Migrations
Traditional centralized databases are versioned and updated using migration scripts. However, this approach isn't practical for local-first databases. Migration scripts can be slow when processing large amounts of local data, and if a migration fails, there's no centralized database to fix—each failed instance would need to be repaired individually.
For these reasons, Evolu embraces a version-less append-only schema—the same pattern as GraphQL schema design. Facebook adopted this pattern to maintain a single endpoint for countless clients, including those that had not been updated for years. Evolu applies this principle to local-first databases, ensuring compatibility across all versions.
Append only schema
Once an Evolu app is released, the existing database schema must remain unchanged. That means:
- No renaming tables
- No renaming columns
- No changing column types
This is important because there's always a chance that some data has already been created using the previous schema. Changing it would break compatibility.
Instead of migrations, simply add new tables and columns to the existing schema. Newer app code must keep already existing tables and columns in the schema (don't delete them) and continue using them when receiving data from previous app versions. For example, if you replace a string address column with an addressId column (because we have a new address table), the app should use addressId when present, and fall back to address when it's not.
This append-only approach raises an important question: if new tables and columns can be added over time and obsolete ones can stop being used at all, how should Evolu apps handle that? The answer is another GraphQL schema design pattern—nullability.
Nullability
To understand how Evolu handles nullability, let's look at a simple schema:
schema.ts
const TodoId = id("Todo");
const Schema = {
todo: {
id: TodoId,
title: NonEmptyString100,
isCompleted: nullOr(SqliteBoolean),
},
};
In this schema, id and title columns are not nullable, while isCompleted is nullable (it may have been added later, or it's just not required when a new todo is inserted).
However, even though title is not nullable—which is enforced in mutations—Evolu treats it as nullable when writing queries. This forces developers to explicitly define the shape they want.
query.ts
// Evolu uses Kysely for type-safe SQL (https://kysely.dev/).
const todosQuery = evolu.createQuery((db) =>
db
// Type-safe SQL: try autocomplete for table and column names.
.selectFrom("todo")
.select(["id", "title", "isCompleted"])
// Soft delete: filter out deleted rows.
.where("isDeleted", "is not", sqliteTrue)

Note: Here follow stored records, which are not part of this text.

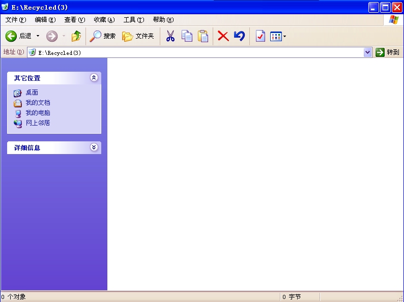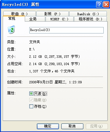 我发现我的E盘上有多个回收站,而且有一个占用较大的空间,打开它又没显示,但属性明明显示有,如下图。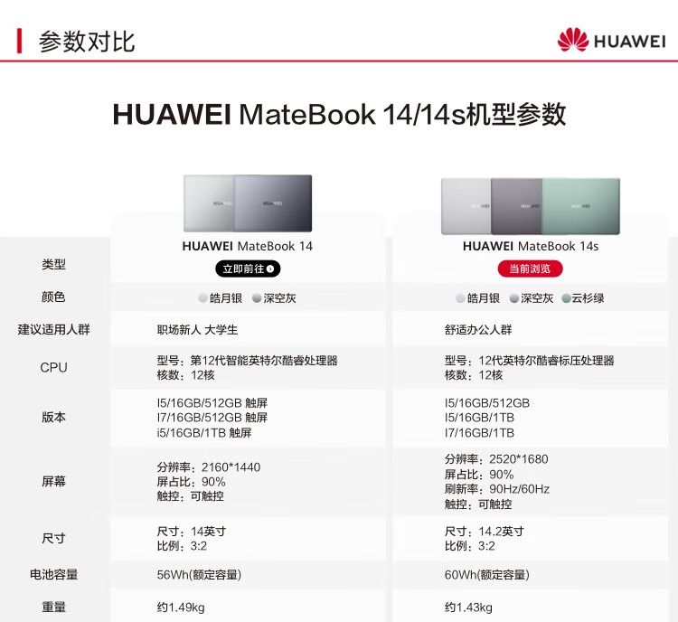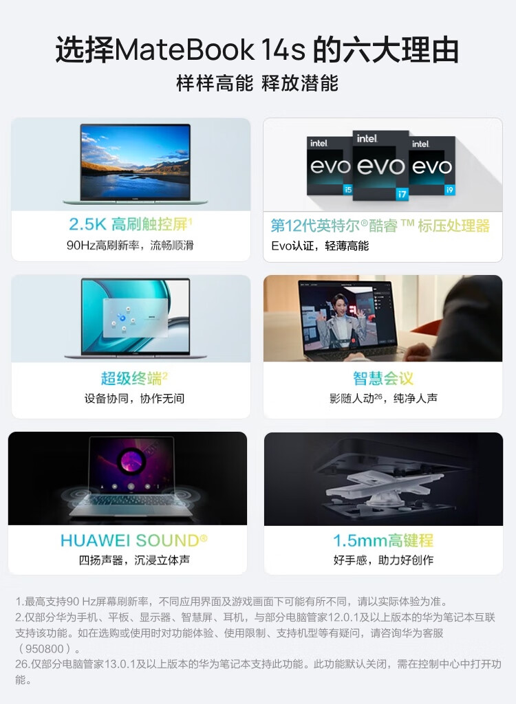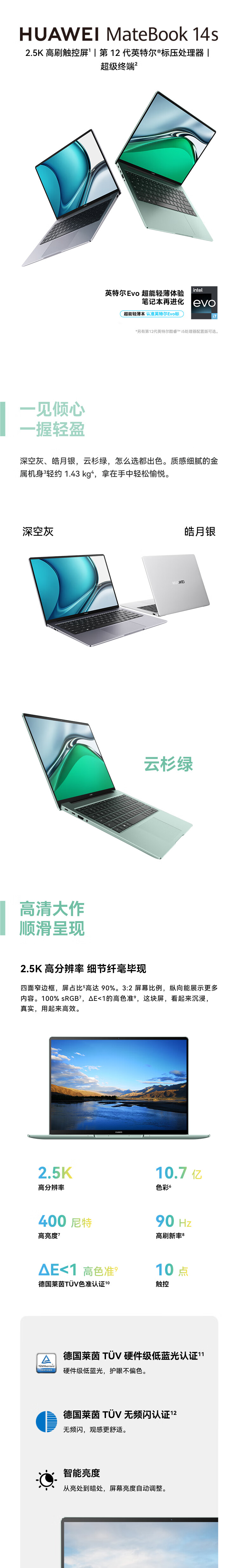 華為 便攜式計(jì)算機(jī) MateBook 14s筆記本電腦 2022 英特爾Evo 12代酷睿標(biāo)壓i5 16+512G/14.2英寸90Hz觸控/輕薄本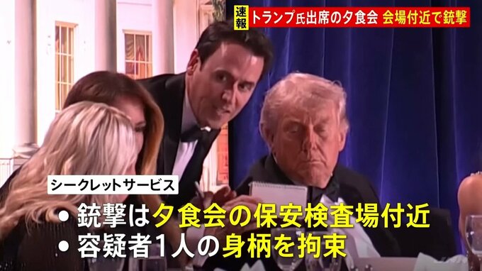夕食会にはメラニア夫人のほか、バンス副大統領や複数の閣僚も出席していましたが、これまでのところけが人などの情報はありません。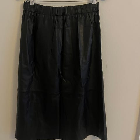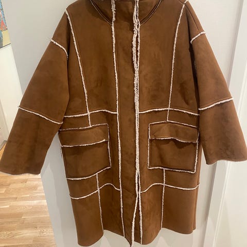 Stand Studio frakke, model 'Gaia coat' – en frakke af vegansk laklæder med sort foring af økologisk pels. Ny, uden papirmærkat. EU-størrelse 36 oversize, passer til EU 38. Se mål: Længde 90 cm, Ærme 60 cm, Bryst op til 100 cm, Talje op til 106 cm, Skuldre 40 cm.

// Like with GraphQL, all columns except id are nullable in queries
// (even if defined without nullOr in the schema) to allow schema
// evolution without migrations. Filter nulls with where + $narrowType.
.where("title", "is not", null)
.$narrowType<{ title: kysely.NotNull }>()
// Columns createdAt, updatedAt, isDeleted are auto-added to all tables.
.orderBy("createdAt"),
);
This approach ensures data integrity even when CRDT messages arrive out of order. For example, a message deleting a todo might arrive before the message creating it. By explicitly filtering for the shape the current app expects, only valid rows—or rows the current version of the app can handle—are selected from the database.
Just like schemas, queries must be append-only as well. If we stop querying obsolete columns or tables, older data using those columns will suddenly disappear from the results.